Greenland reached a preliminary agreement in October to buy a 70 percent stake in the $5 billion Atlantic Yards development in Brooklyn, New York. That followed a July deal to acquire a $1 billion residential-and-entertainment project in downtown Los Angeles. Chang, who took charge of that site upon arriving in the U.S., is now on the hunt for more investments.
“In China, you climb a ladder where everything is floating and moving so fast,” Chang, 49, said in an interview at her sparsely furnished 46th-floor L.A. office overlooking the empty lot where the Metropolis project will be built. “We come from a country of 1.4 billion people and a lot of economic growth. This kind of project and investment speed is very normal in China. That’s why we are so confident we will deliver this project.”

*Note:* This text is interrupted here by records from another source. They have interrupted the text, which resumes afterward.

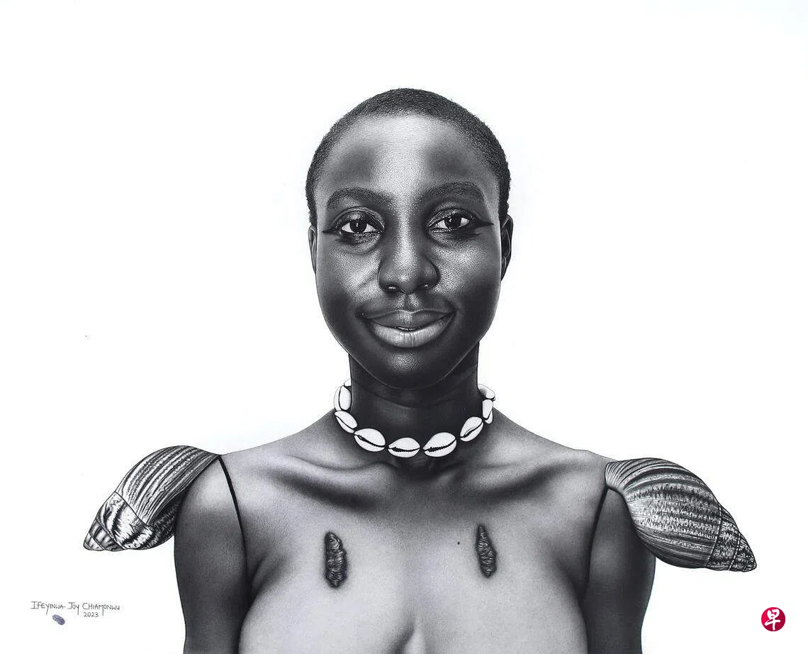 新加坡艺术家陈彦云《伤痕书写》(2023),在薄钢板上蚀刻疤痕的痕迹,像中国竹卷绑在一起,暗示身体伤疤是一种语言形式。尼日利亚艺术家Ifeyinwa Joy Chiamonwu的木炭画“Olaedo”(2023)也描绘一位年轻非洲女孩自豪地炫耀胸前凸起的伤疤,艺术家说:“在非洲社会,疤痕疙瘩受到公开欢迎,并被自豪地接受为我们身份甚至地位的一部分,取决于人们如何获得它们。”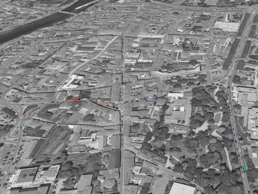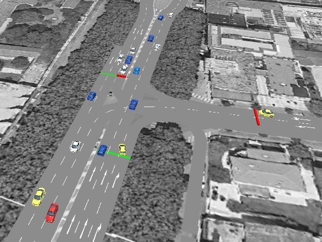 Attraverso un software di microsimulazione sono stati prodotti tre distinti scenari (1, 2 e 3), oltre allo scenario attuale (scenario 0), valutando una variazione dei tempi della fasatura (scenario 1), una modifica del ciclo di verde del semaforo di Viale delle Fosse sud e l’istituzione di un senso unico verso sud su Via IV Armata (scenario 2) e l’attuazione di un sistema centralizzato al fine di ottenere un’onda verde nord-sud, imponendo la medesima durata totale del ciclo a tutti gli impianti semaforici e mantenendo il senso unico su via IV Armata (scenario 3).
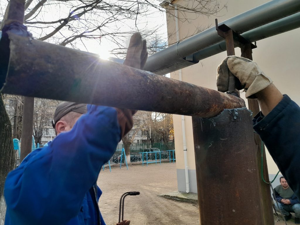 Сотрудники ГУП РК «Крымтеплокоммунэнерго» ремонтируют теплотрассу на ул. Аксакова, 10 в г. Симферополь.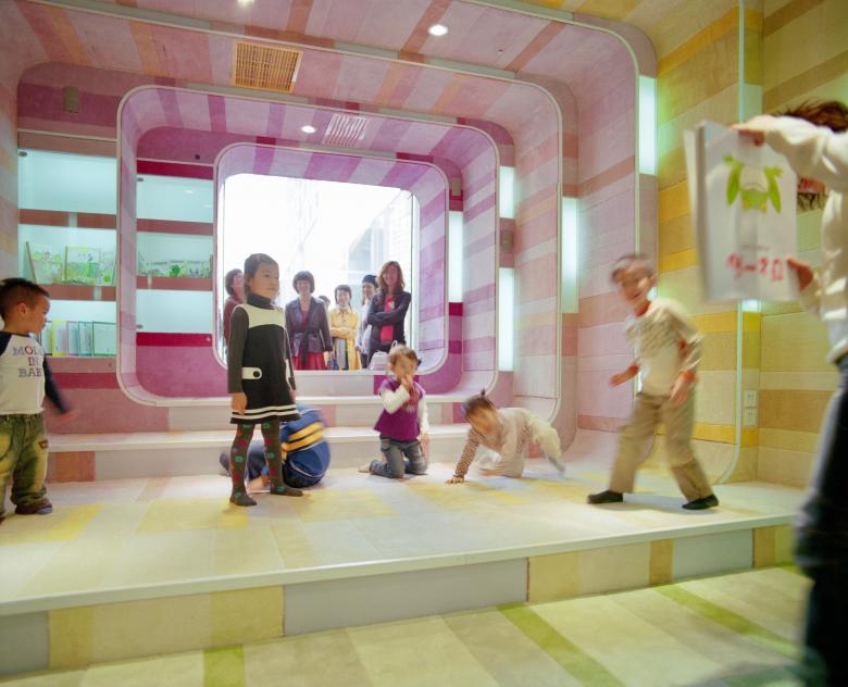 KID’S REPUBLIC in Beijing has an activity room on the first floor and a children’s bookstore on the second floor. The activity room on the first floor is a rainbow-like space created with 12 colorful ribbons of different perimeters. Activities like story-telling and animation shows are periodically held here. The section gaps in the wall and ceiling are used for illumination or displaying items, while those in the floor are also used as a stage and an auditorium. Carpets are laid in the room for children to freely sit and lie down on the floor.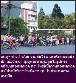 ประชาชนจำนวนมากแห่ชมต้นไม้รูปทรงคล้ายหลวงปู่ทวด กลางเมืองพังงา จนรถติดหนึบ ตำรวจจราจรต้องออกมาอำนวยความสะดวก บางคนถึงกับพนมมือไหว้เพื่อความเป็นสิริมงคล ในขณะที่บางคนก็ตีเป็นตัวเลขกันตามสูตร แห่กันไปชมต้นไม้ตลอดทั้งวัน ลือหลวงปู่ทวดมาให้โชคลาภในช่วงวันตรุษจีน ขณะนี้ยังไม่รู้ว่าต้นไม้ประหลาดดังกล่าวเป็นต้นอะไร เนื่องจากอยู่บนเขาสูงชัน เดินทางขึ้นไปยากลำบาก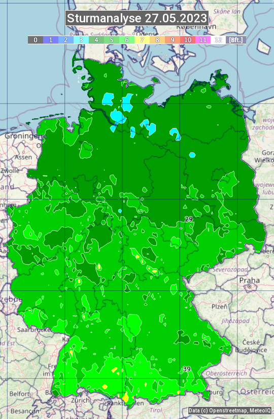 Die Sturmanalyse vom 27.05.2023 zeigt die maximalen Windböen des Tages. Die Angabe erfolgt als Windstärke in Beaufort.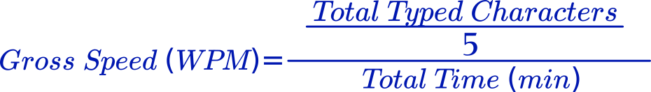 Gross Word Per Minute is reached by first dividing all Typed Characters by 5 then whatever number is derived should be divided by Total Time in Minutes.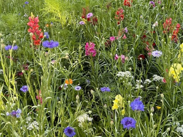 Colorful spring flowers in grass and sunlight. Photo by Dawn Vogel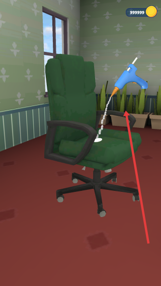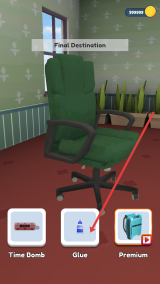 2、进入Final Destination场景,根据目标选道具,若用Glue,点击椅子,将胶水涂抹其上,准备整蛊。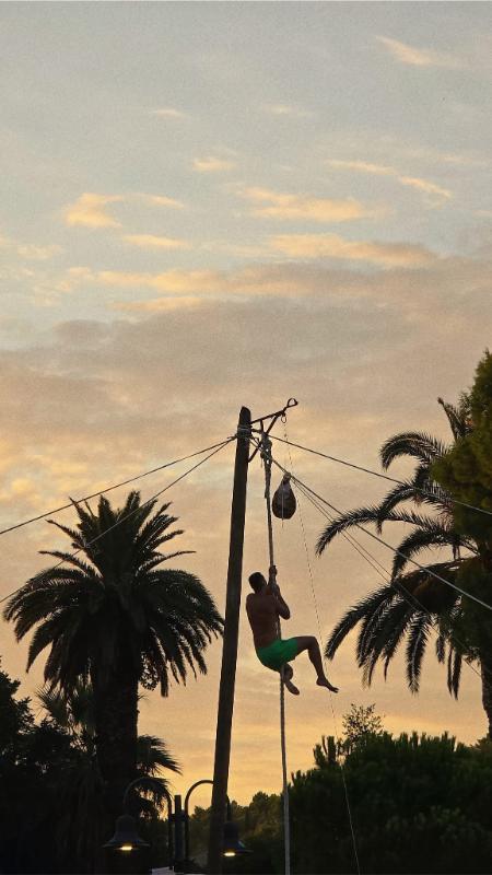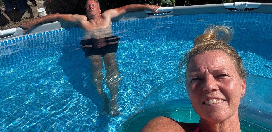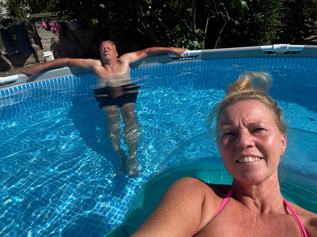 Als iedereen het bad heeft verlaten en ik de laatste sprinkhaan van mijn luchtbed heb verwijderd, kunnen we eindelijk zelf genieten van de verkoeling. Met een meezingertje aan de zon aan de blauwe lucht, weten we het zeker. Dit is thuis !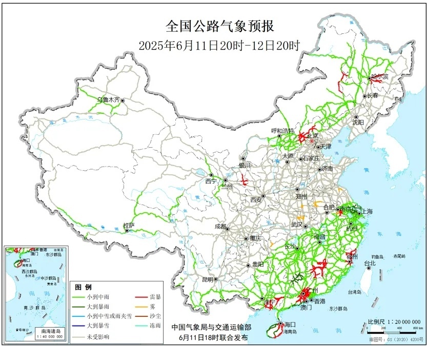 6月11日,交通运输部发布全国公路气象预报,预计6月11日20时至12日20时,广东北部和南部沿海等地部分地区有中到大雨,广东南部局地有雷暴。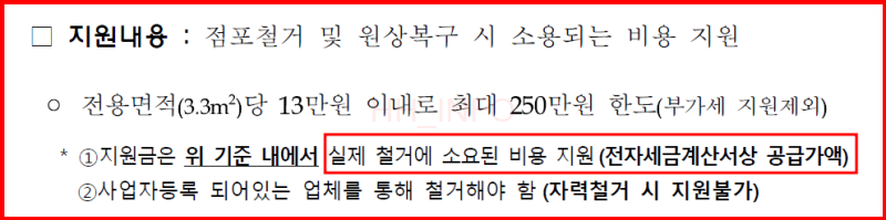 폐업지원금이라 불리는 점포 철거비는 최대 250만원까지 지원되며, 전용면적 기준으로 평당 13만원의 철거비용을 실비로 지원합니다. 지원금 신청을 위해서는 철거 업체에서 제공하는 공사내역서와 전표 내역(전자세금계산서, 카드 전표, 이체 확인증 등)을 제출해야 하며, 철거 전후 사진도 꼭 필요합니다.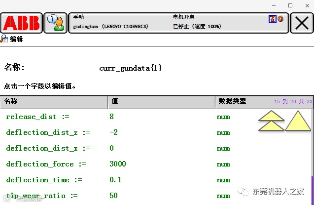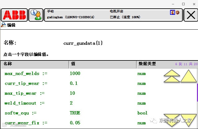 如果上下电极帽修磨的量不一样,需要更改静臂与动臂修磨补偿的比例更改.Gundata:焊枪参数里面的参数

Greenland, like other Chinese companies, is committing to a growing number of multibillion-dollar developments outside of its home market. Chinese investments in U.S. commercial properties jumped almost 10-fold last year from 2012, with Manhattan the biggest area for purchases, followed by other New York City boroughs and Los Angeles, according to research firm Real Capital Analytics Inc.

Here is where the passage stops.